While still carefully maneuvering through the turbulent wake of a financial crisis that continues to disproportionately impact southern Europe, the surf was definitely up for many importers and marketers of marine products in Benelux countries last year. Indeed, this magazine's annual autumn survey of a cross-section of companies in the frozen sector revealed a fairly full net of optimism regarding current conditions and prospects for the near-term future.

Among positive developments in 2010 was a return to near normalcy in credit insurance availability to worthy customers. This was all too often not the case in 2009, as unsecured financial risk preempted a number of what would have otherwise been routine transactions.

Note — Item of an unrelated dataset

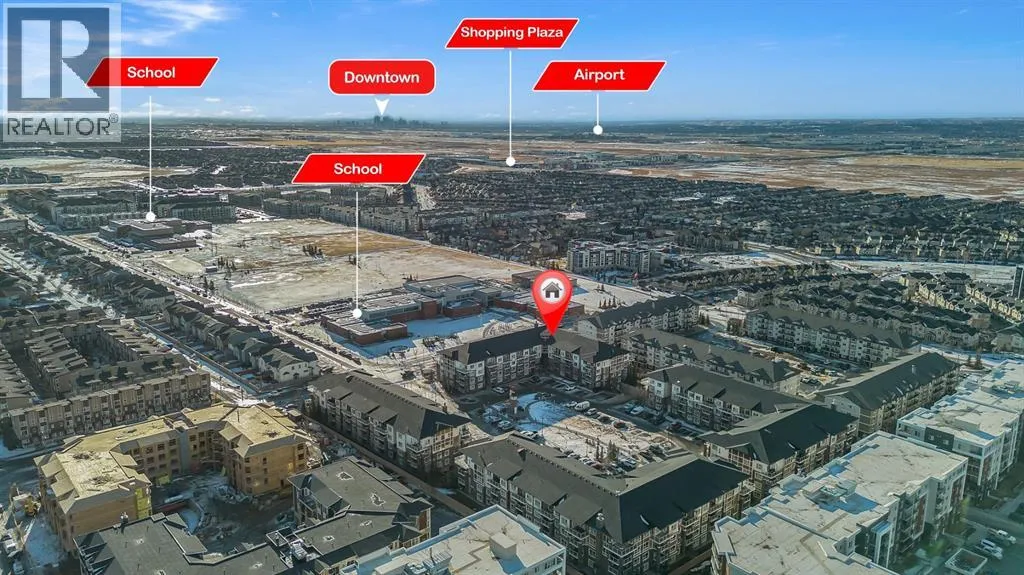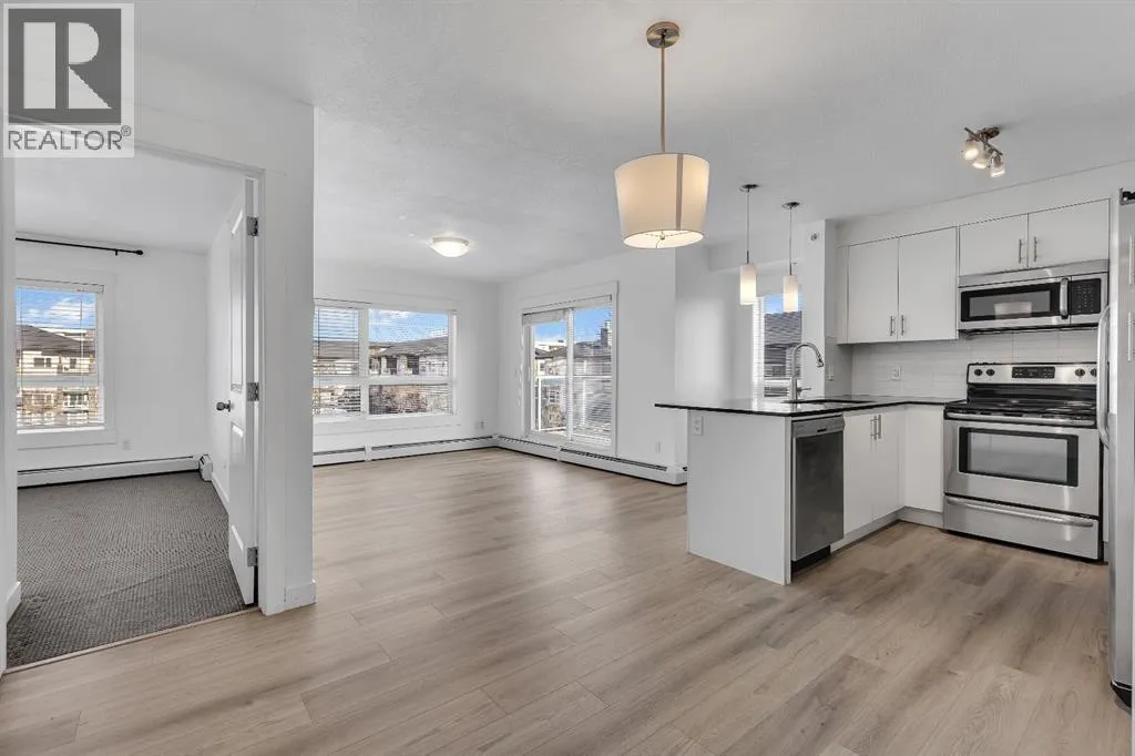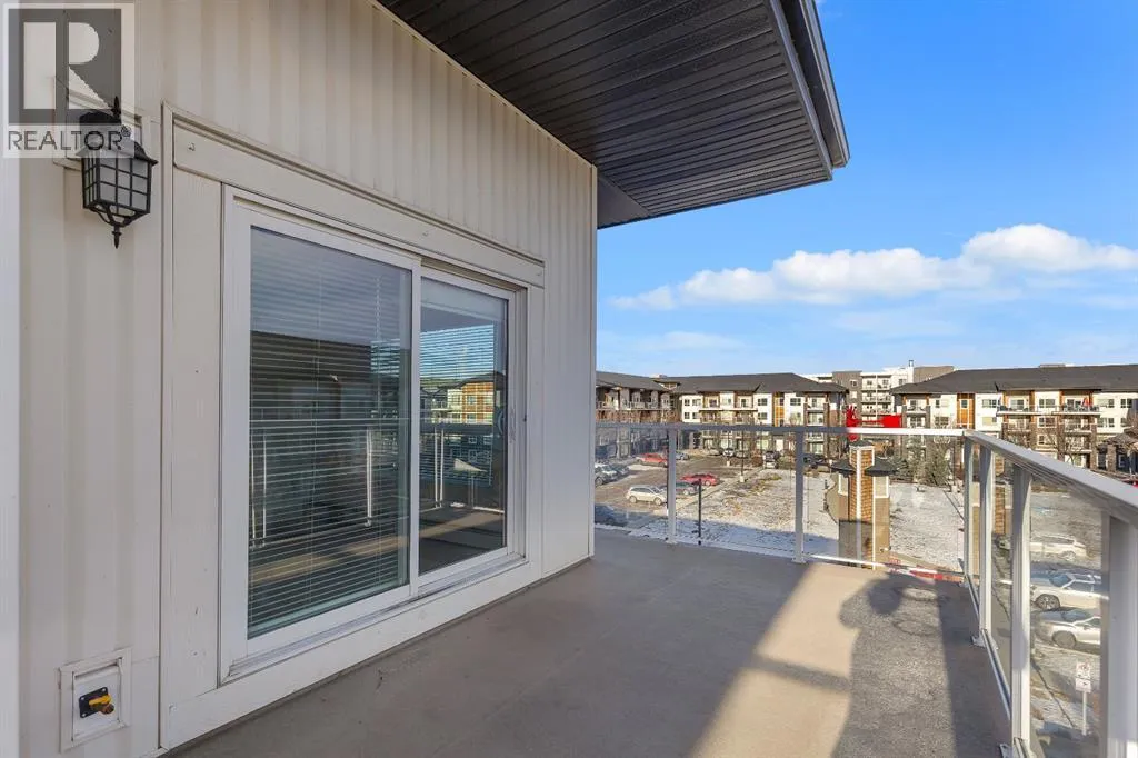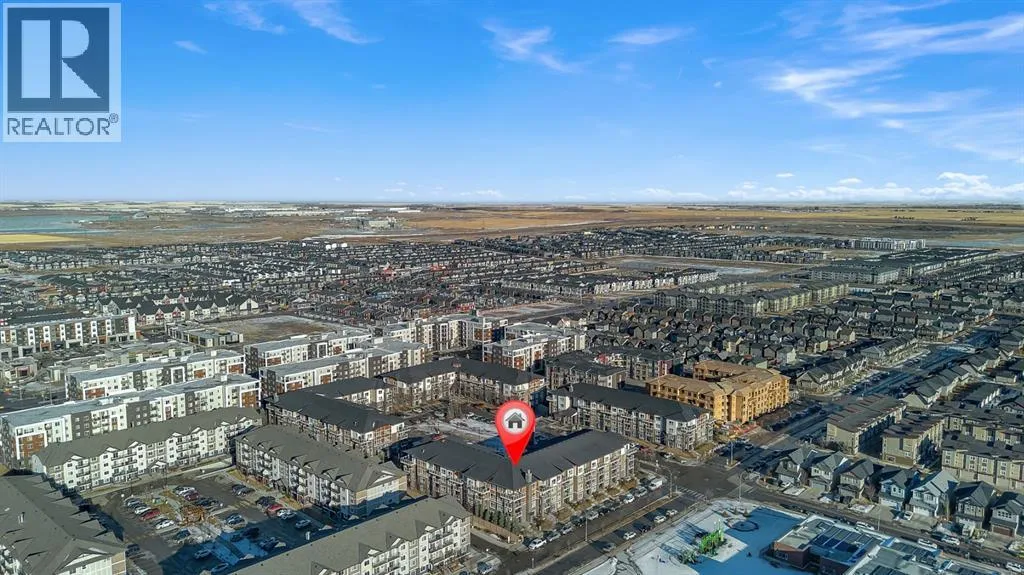 Welcome to this stunning top-floor corner penthouse offering exceptional privacy, natural light, and one of the largest private balconies in the complex. Perfectly designed for both relaxing and entertaining, the expansive 17â x 7â9â balcony delivers open views and all-day sunshine.Inside, youâll find a bright and spacious open-concept layout enhanced by oversized windows that flood the home with natural light. The modern kitchen features sleek cabinetry, stone countertops, and stainless steel appliances, seamlessly connecting to the living and dining areas.This well-appointed home offers two large bedrooms and two full 4-piece bathrooms. The primary suite includes a walk-in closet and a private ensuite, while the second bedroom and full bath are ideal for guests, family, or a home office.Additional highlights include in-unit laundry, titled underground parking, and assigned storage for added convenience. Built in 2015, the building showcases contemporary finishes and thoughtful design throughout.Ideally located in the vibrant community of Skyview Ranch, youâre just minutes from parks, schools, shopping, transit, Bus Stop 3 Min Walk and major roadways. This is a rare opportunity to own a penthouse-style unit that truly checks all the boxes. Donât miss out â welcome home! (id:27476)

"I think 2010 will go down as our best year ever," Ruud van Zuidam, managing director of Den Haag, Holland-headquartered Fishermans Choice, told Quick Frozen Foods International (QFFI) in November. "Shrimp raw materials have been scarce because of high demand in the United States, brought on by the the BP oil spill in the Gulf of Mexico. Importers with reliable sources of supply in Asia have had an advantage over incidental buyers." Fishermans Choice, which specializes in selling Asian-sourced value-added shrimp products ranging from Big Shrimp in 500-gram packs to BBQ Gourmet Tapas, Dim Sum Shrimpers, breaded Butterfly and Torpedo Shrimps, has moved full speed ahead in launching a sustainable retail range under the Super Choice label in 2010.

"For about eight years prices at the end user-level had been weak or down. That changed this year, as prices have gone up," stated Van Zuidam. "Having said that, we have good relationships with our Asian partners and get good deals from them which are shared with our retail and foodservice clients."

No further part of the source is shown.